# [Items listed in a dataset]
....

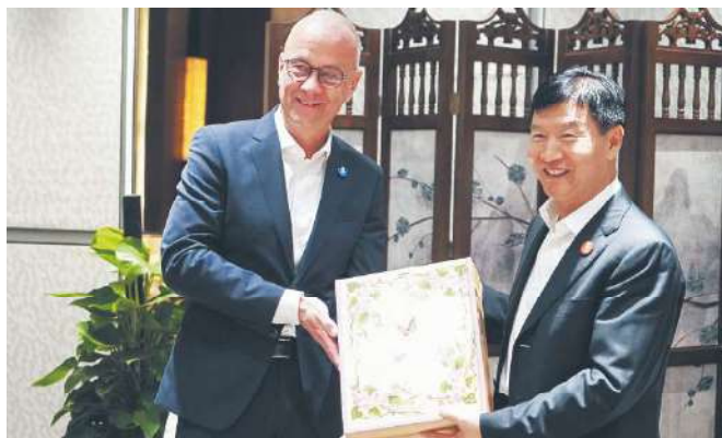
Wspólna przyszłość zaczyna się od rozmowy. I od wzajemnego zaufania
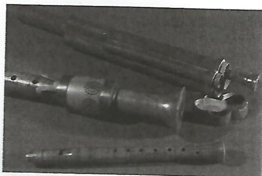
Figura 2.6. Conjunto de flautas.
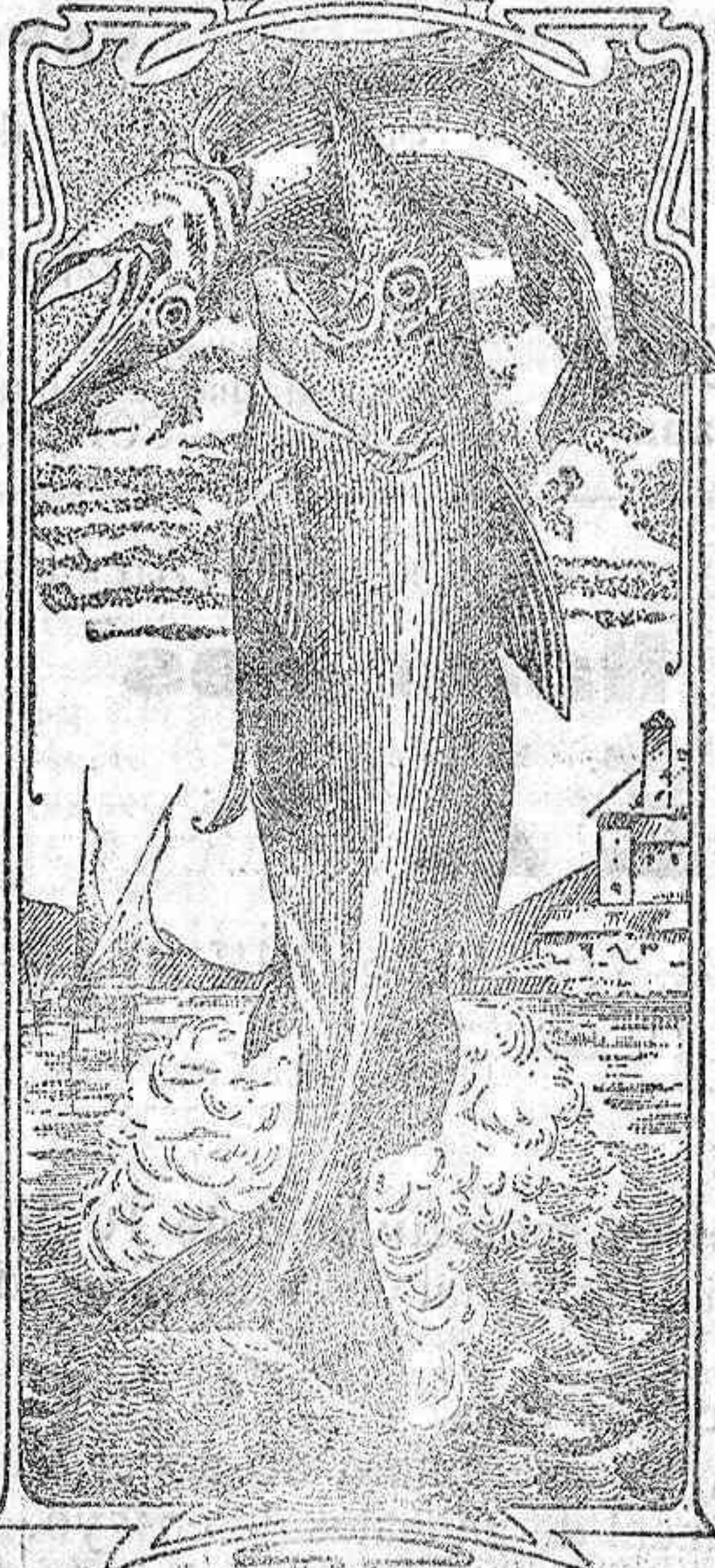
La que en menos tiempo alcanzó

Emulsión "Dos pescados" (Marca registrada.)
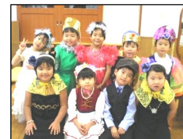
12 月 遊戯会

運動会や遊戯会、誕生会、乗馬体験、イチゴ狩り等の他にプロのミュージシャンを招いてのコンサートなどスポットイベントも行われます。
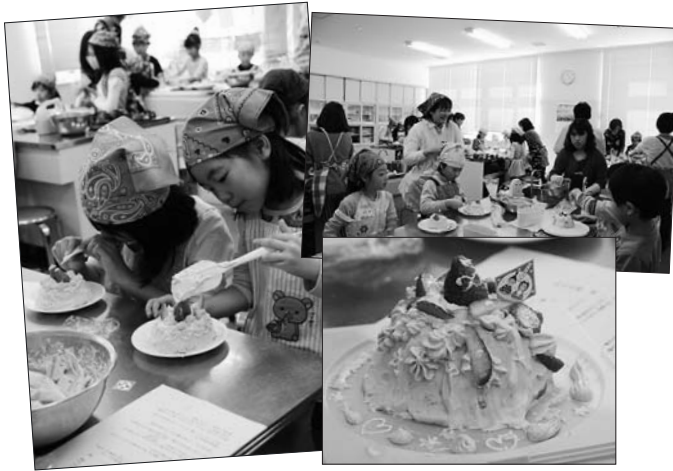
親子ふれあい教室・ひなまつりケーキ作り

ひなまつりは女の子の成長を祈る節句の行事。代表的なお菓子といえば、ひなあられやひし餅を想像する人が多いですが、今やひなまつりの定番お菓子といえば、みんなが大好きなケーキ。伝統的なお供え物もさることながら、ひなまつり用にデコレーションされたケーキを楽しみにしている子どもも少なくありません。お母さんと一緒に作ったケーキなら、もっとおいしいね!

....

# [WHAT YOU SHOULD DO]
Reproduce the lines above letter for letter. The pictures stay behind.

# [COMPLETED TASK]
Wspólna przyszłość zaczyna się od rozmowy. I od wzajemnego zaufania
Figura 2.6. Conjunto de flautas.
La que en menos tiempo alcanzó

Emulsión "Dos pescados" (Marca registrada.)
12 月 遊戯会

運動会や遊戯会、誕生会、乗馬体験、イチゴ狩り等の他にプロのミュージシャンを招いてのコンサートなどスポットイベントも行われます。
親子ふれあい教室・ひなまつりケーキ作り

ひなまつりは女の子の成長を祈る節句の行事。代表的なお菓子といえば、ひなあられやひし餅を想像する人が多いですが、今やひなまつりの定番お菓子といえば、みんなが大好きなケーキ。伝統的なお供え物もさることながら、ひなまつり用にデコレーションされたケーキを楽しみにしている子どもも少なくありません。お母さんと一緒に作ったケーキなら、もっとおいしいね!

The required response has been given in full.